Elle peut être définie par deux critères physiques : la quantité de la courbe et sa répartition le long de la baguette. L'archet a acquis sa forme moderne concave vers la moitié du 19e siècle et au fil du temps les archetiers ont fait évoluer ces caractéristiques de quantité et de répartition de la cambrure. Pour plus de clarté, nous nous en tiendrons aux tendances actuelles.
En général, l'archet détendu posé crins à plat, devrait frôler la mèche sans y toucher. Ceci représente la quantité de cambrure optimale pour la plupart des archets. Un manque de cambrure peut donner une impression de mollesse, rendre l'archet difficile à manier et le faire trembloter. Le musicien ne pourra non seulement pas exécuter un bon sautillé, il pourrait aussi casser plus de crins si, à l'occasion d'attaques musclées, la mèche est prise en sandwich entre la baguette et les cordes. À l'inverse, une cambrure excessive apporte trop de tension aux crins et peut donner au musicien une sensation de « jeu de surface ». Pour peu qu'il soit souple, l'archet sera affaibli latéralement et aura tendance à « chasser ». S'il est plutôt raide, les risques de bris de la tête sont accrus par la tension excessive des crins.
Chaque école d'archèterie et chaque archetier ont leur propre vision quant à la courbe que l'archet doit suivre. Nous nous en tiendrons ici à l'explication de certaines généralités. Une répartition adéquate de la cambrure permet à l'archet de répondre de manière égale, de la hausse à la pointe. Pour améliorer l'attaque au niveau de la hausse, l'archetier accentue principalement la cambrure vers la pointe. À l'inverse, lorsqu'il cambre davantage la baguette vers la garniture (poucette), le jeu
à la tête de l'archet est habituellement amélioré.
On ne peut changer physiquement le centre de gravité d'un archet en répartissant différemment la courbure, mais on peut modifier la sensation qu'en aura le musicien. Ainsi, on pourra atténuer certains défauts d'équilibre, si par exemple un archet est trop lourd de tête, et même améliorer l'exécution de certaines techniques : l'archetier est par exemple capable de déplacer légèrement le
point de sautillé. Pour accomplir efficacement ces réglages, le musicien doit avoir un instrument en bon état et réglé à son goût. Mais surtout, il doit établir une bonne complicité avec l'archetier et lui faire confiance.
L'instrument
Une fois reçus et inspectés, les instruments sont ajustés avec précision par nos artisans :
• Le chevalet est la fine pièce de bois à mi-chemin entre la touche et le cordier. Son rôle est crucial car il influence directement la sonorité de l'instrument. Ses pieds sont taillés pour épouser parfaitement la voûte de la table d'harmonie. La pièce est amincie et sculptée, et la courbe ajustée de manière à jouer une corde à la fois.

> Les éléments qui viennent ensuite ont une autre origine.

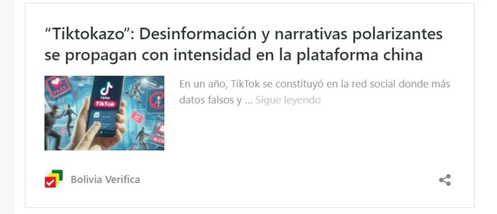 En ese mes, Bolivia Verifica presentó un reportaje sobre cómo los desinformantes se sirven de esta plataforma para compartir videos falsos y contenidos polarizantes.
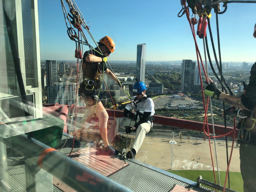 We did it! 🙂 On Sunday 21 October, after a month’s delay due to the typical British weather, I finally got to do my charity abseil down the ArcelorMittal Orbit Tower in aid of nystagmus research. That’s a drop of 80 metres (262 feet) from the UK’s tallest sculpture!
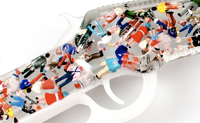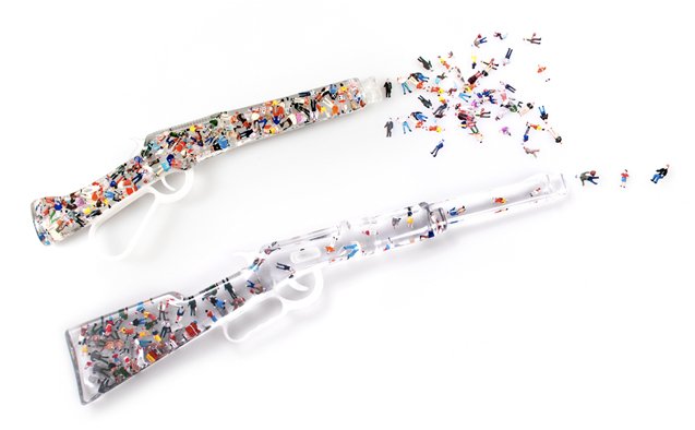 GUNS (2009). Sculpture, resin and found objects, 15x79x60cm. No human hands pull the trigger. The gun/mob appears to take on a life of its own. Guns induces a sense of sadness and helplessness. Limp, wasted, lifeless miniature people suggest the impotence of war. The work impacts by using visual ambiguity. The multitude of colours implies playfulness, only to induce, on closer scrutiny, confusion and doubt.
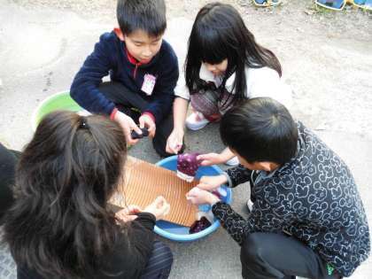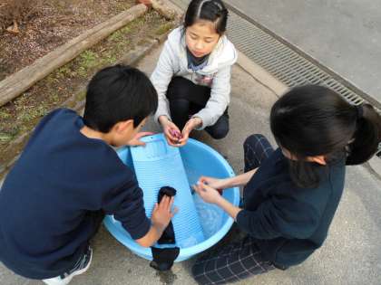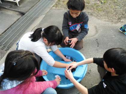 今日の1組では,洗たく板を使って靴下を洗いました。
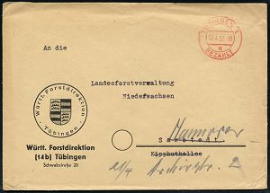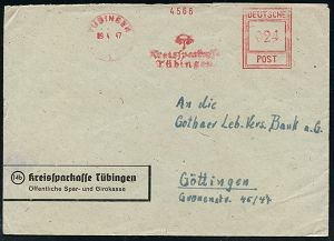 4587 | 20 € | 7400 TÜBINGEN : TÜBINGEN/ 1/ Kreissparkasse.. 1947 (9.4.) seltener AFS Francotyp "Hochrechteck" (stilis. Hermeskopf) Firmen-Bf. m. Göttingen, vergl. Kat.-Nr. 4580 u.4585 (Dü.E-18CEh, nur maximal 1 1/2 Jahre verwendet!) | ![]() | |

• La touche est la pièce de bois, toujours en ébène, collée sur le manche. Elle suit une courbe légèrement concave d'une extrémité à l'autre, pour permettre aux cordes de vibrer librement. Elle est aplanie à l'aide d'un rabot.
• L'âme est le goujon d'épicéa situé à l'intérieur de l'instrument, derrière le pied droit du chevalet, du côté des aiguës. Elle a pour fonction de transmettre les vibrations de la table d'harmonie au fond. Elle est taillée et ajustée spécialement pour chaque instrument et est positionnée avec précision.
• Les chevilles sont fabriquées en ébène, en palissandre, en buis ou en d'autres bois exotiques. Pour permettre de s'accorder facilement, elles sont taillées spécialement pour chaque instrument et sont ajustées de façon spécifique à chaque trou de cheville.
L'archet
Les archets sont avant tout sélectionnés et triés par nos archetiers selon de sévères critères :
• de poids : il influence le volume sonore produit et affecte la dextérité et la stabilité lors du maniement de l'archet.
• d’équilibre : il influence aussi la stabilité de l'archet ainsi que certaines techniques spécifiques comme le sautillé et le spiccato.
• de rigidité : plusieurs outils de mesure peuvent être employés pour contrôler la rigidité de la baguette, toutefois ce critère est souvent mesuré de manière subjective.